Now let's try to improve these results by doing some hyperparameter tuning. Hyperparameter tuning is the process of finding the best parameters for the learning algorithm. These parameters are typically few numbers like learning rate schedule (i.e. how large steps to take in each iteration), regularization parameters or size of the model. By tuning these knobs, we can typically make the model perform better. Tune supports a number of different algorithms to perform hyperparameter tuning. The simplest is a grid search where we just exhaustively try out different values for the parameters. More sophisticated algorithms include hyperband and population based training. If you want to learn more about these, check out the [tune documentation](https://ray.readthedocs.io/en/latest/tune.html). 

In [11]:
import os
from ray import tune

First we need to put the training data into the object store (to make sure it will be re-used between training runs), and define the objective function. The objective function `train_func` takes two arguments: The `config` argument which contains the hyperparameters for that hyperparameter run.
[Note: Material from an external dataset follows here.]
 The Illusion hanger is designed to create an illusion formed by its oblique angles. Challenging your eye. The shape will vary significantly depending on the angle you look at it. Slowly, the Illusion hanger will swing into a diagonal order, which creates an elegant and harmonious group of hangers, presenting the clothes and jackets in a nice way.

The `reporter` object can be used to report the performance of these hyperparameters back to tune so it can select the next trial based on the performance of the past ones.
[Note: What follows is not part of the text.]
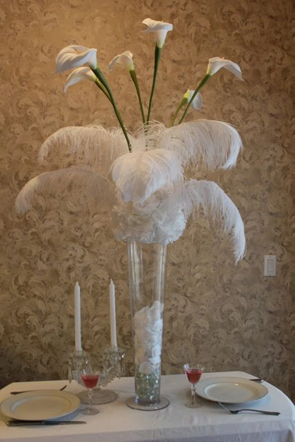 Name 10 PCS White Ostrich Feather Wedding Party Table Centerpiece Decoration plume

The following function instantiates a model corresponding to the hyperparameters in `config`, runs 5 iterations of training and saves the model parameters to a checkpoint file.

In [12]:
train_id = ray.put(train)
test_id = ray.put(test)

def train_func(config, reporter):
    pipeline = Pipeline([
    ("vect", CountVectorizer()),
    ("clf", SGDClassifier(loss="hinge", penalty="l2",
                          alpha=config["alpha"],
                          max_iter=5, tol=1e-3,
                          warm_start=True))])
    train = ray.get(train_id)
    test = ray.get(test_id)
    for i in range(5):
        # Perform one epoch of SGD
        X = pipeline.named_steps["vect"].fit_transform(train.data)
        pipeline.named_steps["clf"].partial_fit(X, train.target, classes=[0, 1])
        reporter(mean_accuracy=np.mean(pipeline.predict(test.data) == test.target))  # report metrics

We can then get the best setting for the regularization parameter $\alpha$ as follows. **You should expect the training to take about 4-5 minutes**.

In [None]:
all_trials = tune.run(
    train_func,
    name="news_recommendation",
    # With the "stop" parameter, you could also specify a stopping criterion.
    config={"alpha": tune.grid_search([1e-3, 1e-4, 1e-5, 1e-6])}
)

From Trial Status table, considering metrics accuracy we can get optimized value for it.
Get the best trial from all trials as:

In [36]:
best_trial = all_trials.get_best_trial(metric="mean_accuracy", mode="max", scope="all")
print(best_trial)

train_func_ac062_00001


With this example, we ran trials for alpha parameter tuning using Ray Tune.
Shut down the workers.

In [37]:
ray.shutdown()